Tardó varias horas en vestirse. Bueno, es que estaban las cremas para el cuerpo;
los rollitos de las medias que había que desenredar e ir ajustando en las piernas,
poco a poco; planchar el vestido con un tela húmeda; el cepillado de la peluca...
Se colocó frente al espejo para afinar los últimos detalles: un mechón de cabello
rebelde y fuera de sitio, aplicarse otra capa de bilé en los labios, dar por
desahuciado el asunto de las uñas postizas. Sin embargo, lo amplio del vestido no
dejaba de agradarle. Pasó la mirada por la habitación en busca de algo que
pudiera servirle: la cama con las dos maletas rebosando ropa por todas partes y la
cómoda no parecieron sugerirle nada. Recordó entonces un cinturón dorado en
forma de culebrilla en el cuarto de las hermanas. Para ajustárselo tuvo que hundir
el estomago hasta que se hizo necesaria la presencia de nuevo aire en sus
pulmones. Y por fin salió a la calle.
Regresó antes de lo previsto, De no haber sido por los pies hinchados y la cintura
avispada habría permanecido afuera hasta poco antes de las seis. Como no eran
numerosas las ocasiones en que tenía oportunidad de aprovechar la soledad de la
casa, había dudado antes de iniciar el proceso de desvestirse. Con las manos
detenidas en el cinturón recordó frases y situaciones ocurridas unos instantes
atrás. Casi soltó la carcajada cuando vino a su mente la imagen de aquella señora
que le propino una bofetada a su esposo al sorprenderlo embobado, perdido en la
contemplación de sus piernas. Y la cara del lechero, cuando por unos segundos
de distracción, miró su carrito y las cajas de leche regadas por el suelo.
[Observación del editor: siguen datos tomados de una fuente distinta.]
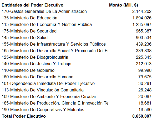 - Aportes a establecimientos e instituciones privadas adscriptos a la enseñanza oficial de la Provincia de niveles inicial, primario, medio, especial y superior.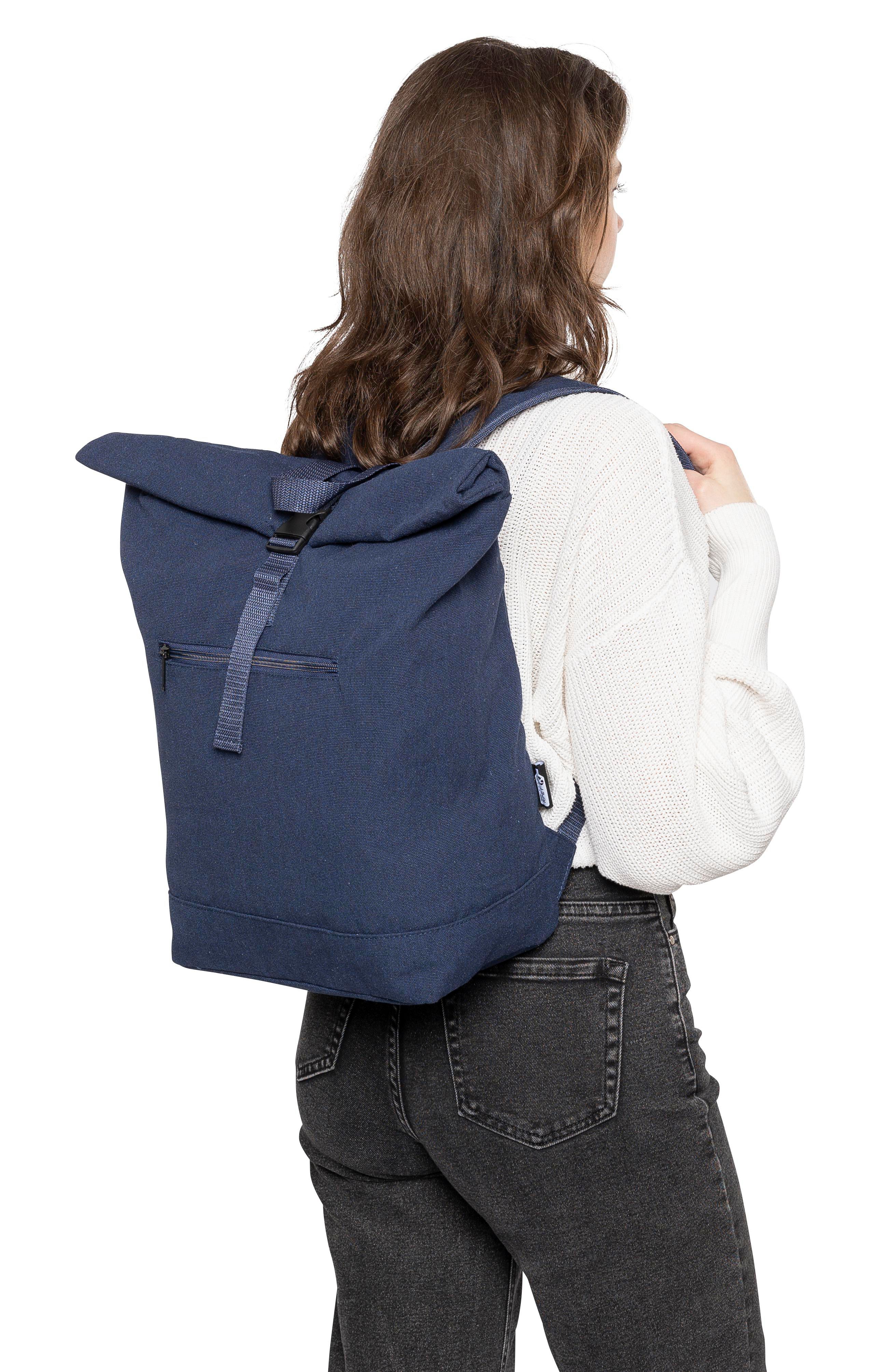 Rolltop-Rucksack aus recyceltem Poly-Baumwollgewebe (330 g / m2) mit 210D-Polyesterfutter und Kunststoffschnallenverschluss. Er hat ein Fassungsvermögen von 15 Litern, ein großes Reißverschlussfach mit einem 15”-Laptopfach, zwei Innenfächer und ein Außenfach. Zur Ausstattung gehören eine Trageschlaufe oben, gepolsterte, verstellbare Schultergurte und eine kleine Fronttasche mit Reißverschluss. Tragfähigkeit: 14 kg. Inklusive Etikett.

" Mamacita... ¿te doy un aventón?", y sus ojos observando el rutilante LTD, para
después voltear despreciativamente el rostro, disimulando la satisfacción de su
éxito.
Al salir al patio, ya se había quitado el cinturón y las zapatillas. Aunque decidió no
salir más, se rehusó a desprenderse de su vestimenta antes del tiempo necesario:
quería gozar hasta el último momento. Se recostó en el pasto. Ya a punto de
dormirse jugó con la idea de que, si quisiera, con sólo cruzar el zaguán bastaría
para poner de cabeza otra vez a toda la manzana.
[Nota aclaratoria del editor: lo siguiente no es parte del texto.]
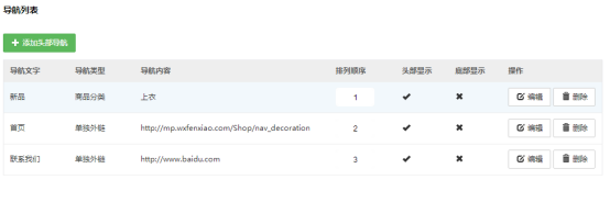 导航菜单添加好以后,返回到菜单列表进行相应的管理。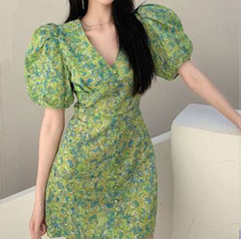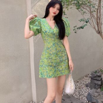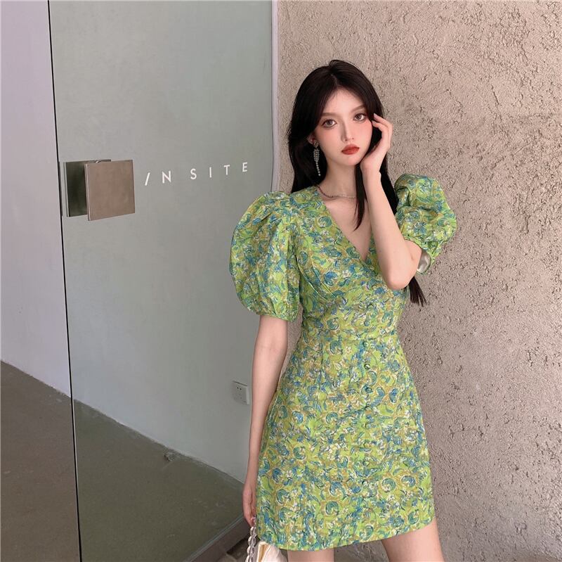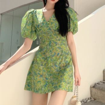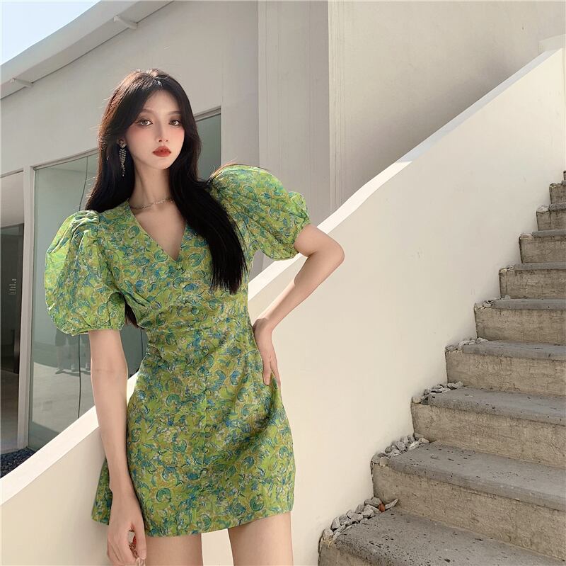 ワンピース ミニ ミニ丈 ショート ショート丈 半袖 ボリューム袖 パフスリーブ Vネック スリム タイト 細身 スマート かわいい 大人可愛い 大人 おしゃれ お洒落 大人可愛い 大人女子 こなれ感 ラブリー キュート ガーリー 個性的 セクシー エレガント 主役級 存在感 柄 春 夏 10代 20代 30代 レディース 女性用 女の子 韓国 韓国系 ファッション コーデ モテ 新作 定番 送料無料 トレンド 流行 インスタ映え インポート 海外 人気 大人カジュアル 女子力 ボタン フェミニン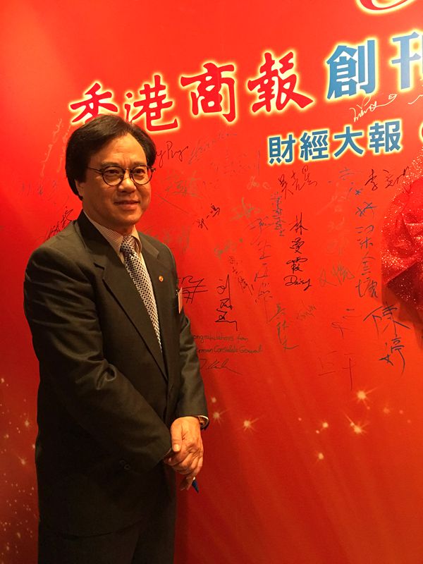 香港潮州商會永遠榮譽會長張成雄讚揚本報報道真實,不譁眾取寵,65週年的大喜日子值得慶祝,祝願商報越辦越好!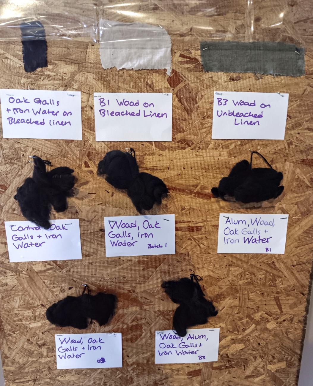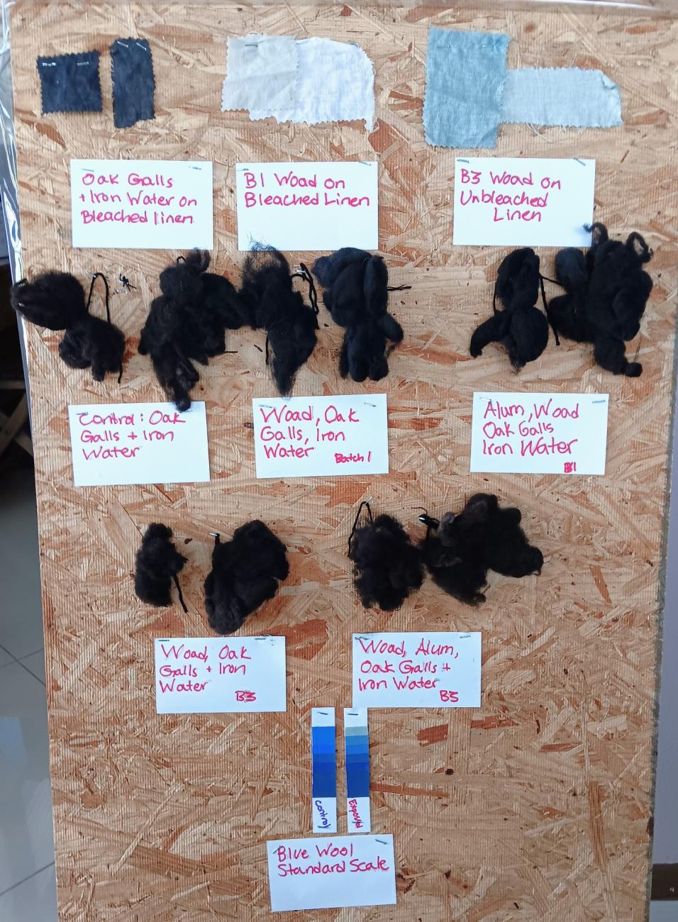 - Iron water and Oak Galls with Woad as over or under dye (Cardon, 2016; Ortega Saez and Cattersel, 2022)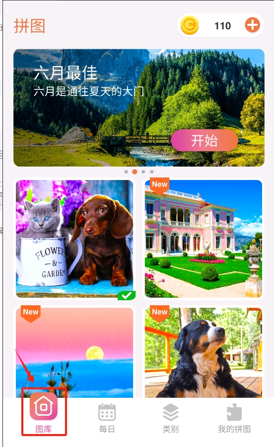 1.点击“图库”中的新拼图,选择拼图1,进入游戏页面。

El ruido de las llaves del otro lado del zaguán, le hizo buscar el reloj de inmediato.
6:20. Corrió al interior de la casa y se encerró en la recamara de la madre.
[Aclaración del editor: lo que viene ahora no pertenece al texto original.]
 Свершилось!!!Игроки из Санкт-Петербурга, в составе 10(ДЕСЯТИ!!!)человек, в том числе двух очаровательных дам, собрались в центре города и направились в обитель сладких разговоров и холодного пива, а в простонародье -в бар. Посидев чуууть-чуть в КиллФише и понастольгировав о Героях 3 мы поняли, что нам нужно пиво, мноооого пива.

Mientras se quitaba el vestido, se arrepintió de no haber colocado las maletas en
su lugar.
- ¡ Carlos, Carlos, ya estamos aquí! - escuchó que gritaba su madre al tiempo que,
nervioso y con la sensación de las paredes trasformadas en rejas, sólo atinaba a
untarse crema en los labios para desvanecer la huella carmesí del bilé.